__Task prompt__. Keep the pictures out while you transcribe the listing below exactly.

__Data section__.
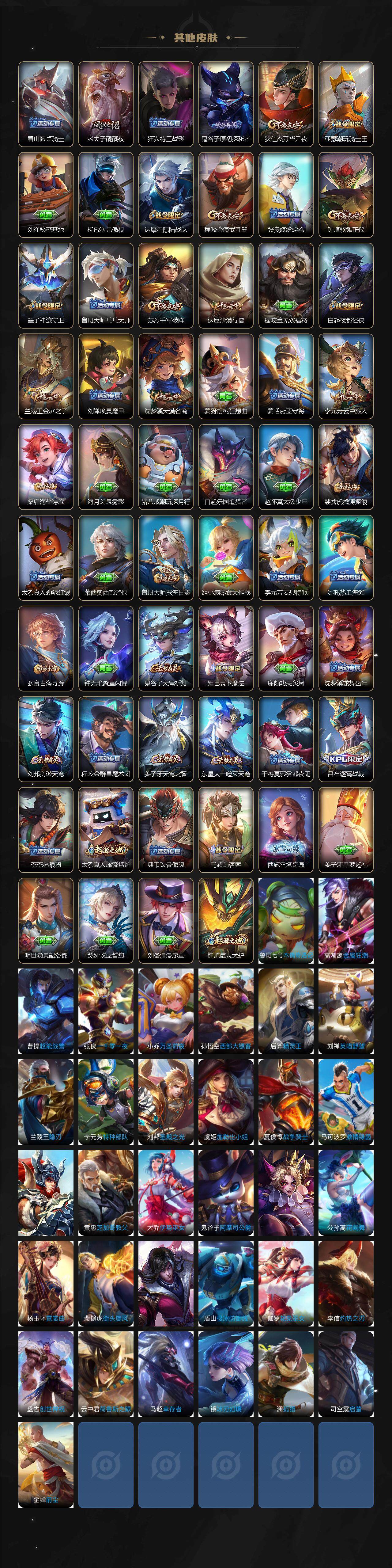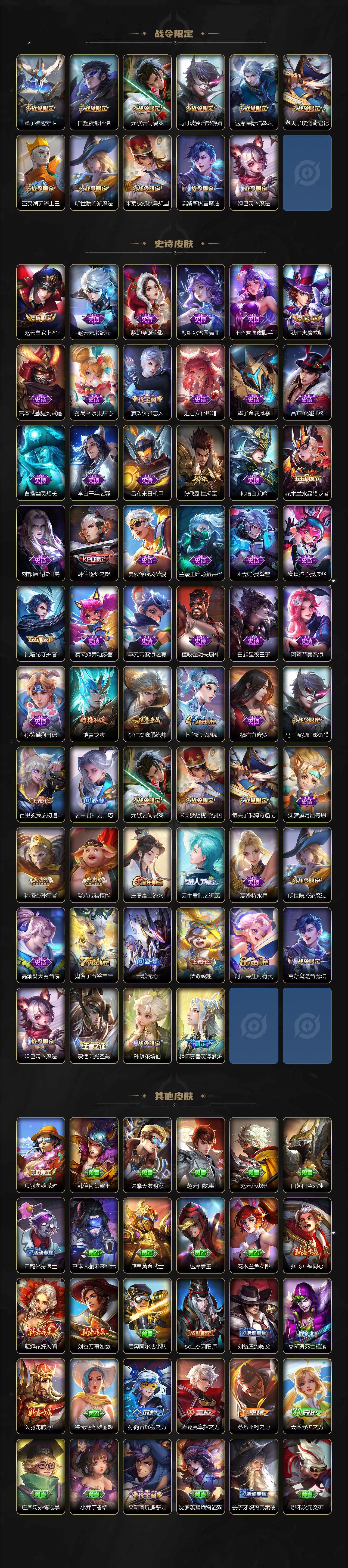 【限定皮肤】:姜子牙天穹之誓,狄仁杰阴阳师,赵云皇家上将,墨子神迹守卫,嬴政优雅恋人,庄周高山流水,高渐离死亡摇滚,高渐离玩趣恶龙,白起夜都怪侠,元歌云间偶戏,元歌无心,马可波罗暗影游猎,狄仁杰魔术师,狄仁杰万华元夜,达摩星际陆战队,达摩沙漠行僧,项羽海滩派对,老夫子醍醐杖,老夫子航海奇遇记,程咬金演武夺筹,韩信逐梦之影,兰陵王金庭之子,亚瑟潮玩骑士王,孙悟空孙行者,李元芳云中旅人,钟馗驱傩正仪,鬼谷子原初探秘者,鬼谷子五谷丰年,铠青龙志,苏烈千军破阵,百里玄策原初追逐者,梦奇顽趣,沈梦溪大漠名商,明世隐吟游魔法,裴擒虎擒涛扼浪,米莱狄胡桃异想国,云中君纤云弄巧,云中君时之祈愿,猪八戒猪悟能,上官婉儿梁祝,鲁班大师探海日志,桑启海盐诗旅,阿古朵江河有灵,张良古海寻踪,蒙恬荣光圣徽,高渐离燃音魔法,妲己灵卜魔法,鬼谷子天穹祈灯,沈梦溪龙舞盛年,刘邦剑破天穹,程咬金群星魔术团
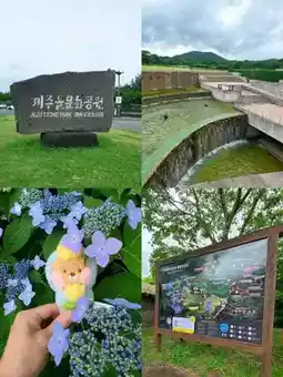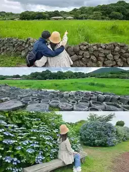 Jeju Island’s unique volcanic rock culture, natural scenery and mystery. The unique stone grandfather statue of Jeju Island is themed, and the tour guide introduced that each statue contains a unique history and legend. There are also many blue 💙🩵 embroidery flowers in full bloom 🥰
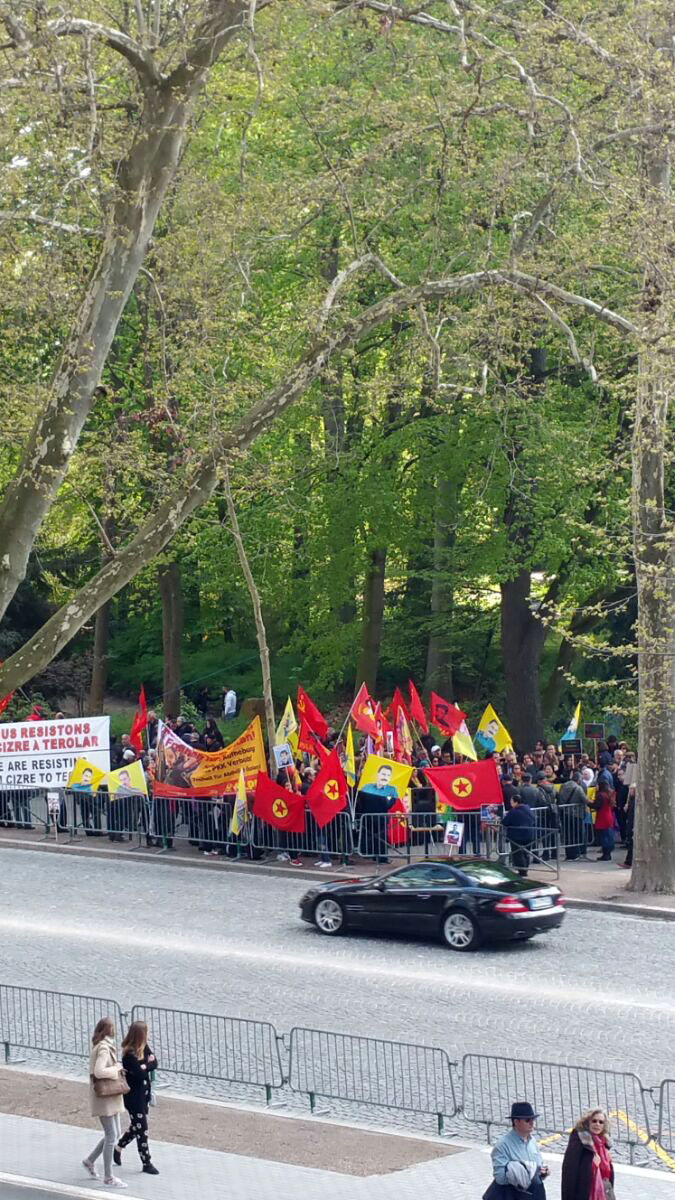 Ստրասբուրգից «Panorama.am»-ի թղթակիցը տեղեկացնում է, որ մեծ թվով ցուցարարներ շենքի մոտ վանկարկում են «Erdoghan Terrorist, Erdoghan Dictator»՝ «Էրդողան ահաբեկիչ, Էրդողան բռնակալ»:
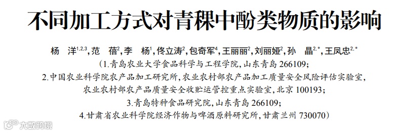 中国农业科学院孙晶、王凤忠教授等通过蒸制、煮制、炒 制、微波、烤制和空气炸锅六种热加工方式处理青稞样品,探究不同加工方式对青稞全谷物中游离多酚、结合多酚、游离黄酮、结合黄酮含量的影响,以及清除 DPPH 自由基和抑制 α-葡萄糖苷酶的能力,以期为突破青稞精深加工产品开发、营养保持和调控技 术瓶颈提供技术储备,为青稞产业的发展提供技术支撑。

__Task response__.
 【限定皮肤】:姜子牙天穹之誓,狄仁杰阴阳师,赵云皇家上将,墨子神迹守卫,嬴政优雅恋人,庄周高山流水,高渐离死亡摇滚,高渐离玩趣恶龙,白起夜都怪侠,元歌云间偶戏,元歌无心,马可波罗暗影游猎,狄仁杰魔术师,狄仁杰万华元夜,达摩星际陆战队,达摩沙漠行僧,项羽海滩派对,老夫子醍醐杖,老夫子航海奇遇记,程咬金演武夺筹,韩信逐梦之影,兰陵王金庭之子,亚瑟潮玩骑士王,孙悟空孙行者,李元芳云中旅人,钟馗驱傩正仪,鬼谷子原初探秘者,鬼谷子五谷丰年,铠青龙志,苏烈千军破阵,百里玄策原初追逐者,梦奇顽趣,沈梦溪大漠名商,明世隐吟游魔法,裴擒虎擒涛扼浪,米莱狄胡桃异想国,云中君纤云弄巧,云中君时之祈愿,猪八戒猪悟能,上官婉儿梁祝,鲁班大师探海日志,桑启海盐诗旅,阿古朵江河有灵,张良古海寻踪,蒙恬荣光圣徽,高渐离燃音魔法,妲己灵卜魔法,鬼谷子天穹祈灯,沈梦溪龙舞盛年,刘邦剑破天穹,程咬金群星魔术团
 Jeju Island’s unique volcanic rock culture, natural scenery and mystery. The unique stone grandfather statue of Jeju Island is themed, and the tour guide introduced that each statue contains a unique history and legend. There are also many blue 💙🩵 embroidery flowers in full bloom 🥰
 Ստրասբուրգից «Panorama.am»-ի թղթակիցը տեղեկացնում է, որ մեծ թվով ցուցարարներ շենքի մոտ վանկարկում են «Erdoghan Terrorist, Erdoghan Dictator»՝ «Էրդողան ահաբեկիչ, Էրդողան բռնակալ»:
 中国农业科学院孙晶、王凤忠教授等通过蒸制、煮制、炒 制、微波、烤制和空气炸锅六种热加工方式处理青稞样品,探究不同加工方式对青稞全谷物中游离多酚、结合多酚、游离黄酮、结合黄酮含量的影响,以及清除 DPPH 自由基和抑制 α-葡萄糖苷酶的能力,以期为突破青稞精深加工产品开发、营养保持和调控技 术瓶颈提供技术储备,为青稞产业的发展提供技术支撑。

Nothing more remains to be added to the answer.